The very last act performed before bringing Shabbat into the home is the lighting of the Shabbat candles. While this mitzvah is considered one of the three primary mitzvot of a Jewish woman, Shabbat candles may also be lit by a man.

Shabbat candles have long been the symbol of Shabbat. Why are they so important, especially if the mitzvah of lighting candles is done before Shabbat actually begins? The candles are lit just before Shabbat because one may not kindle a flame on Shabbat, since kindling is considered “creative work.” The actual candles, however, must burn well into Shabbat evening, since the light of the Shabbat candles is perceived as a critical part of creating oneg Shabbat — an enjoyable Shabbat atmosphere.

One is supposed to enjoy Shabbat, and stumbling about in a dark house is hardly a way to experience enjoyment.
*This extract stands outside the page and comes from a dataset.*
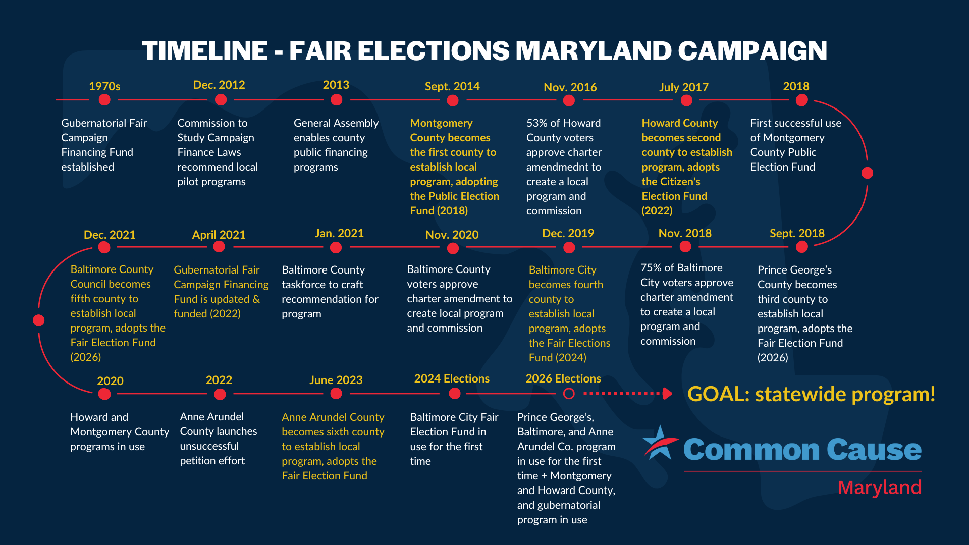 Common Cause Maryland là một phần của Fair Elections Maryland, một liên minh được thành lập để thiết lập các chương trình tài trợ chiến dịch của các nhà tài trợ nhỏ cho các cuộc bầu cử địa phương và tiểu bang tại Maryland. Để tìm hiểu thêm về các chương trình này và tham gia vào nỗ lực của chúng tôi, hãy truy cập fairelectionsmaryland.org.

Today, when every house is filled with electric light, it may be difficult to grasp the importance of candles. It should be recalled, however, that electric light came into use only at the beginning of the last century. The burning Shabbat candles, often placed on or near the dining room table, provide a sense of Shalom Bayit, peace in the home, for Shabbat evening. Even today, in rooms filled with electric light, there is a special soothing feeling when watching the flickering flames of the candles cast playful shadows as they add a glow of sanctity to the Shabbat setting.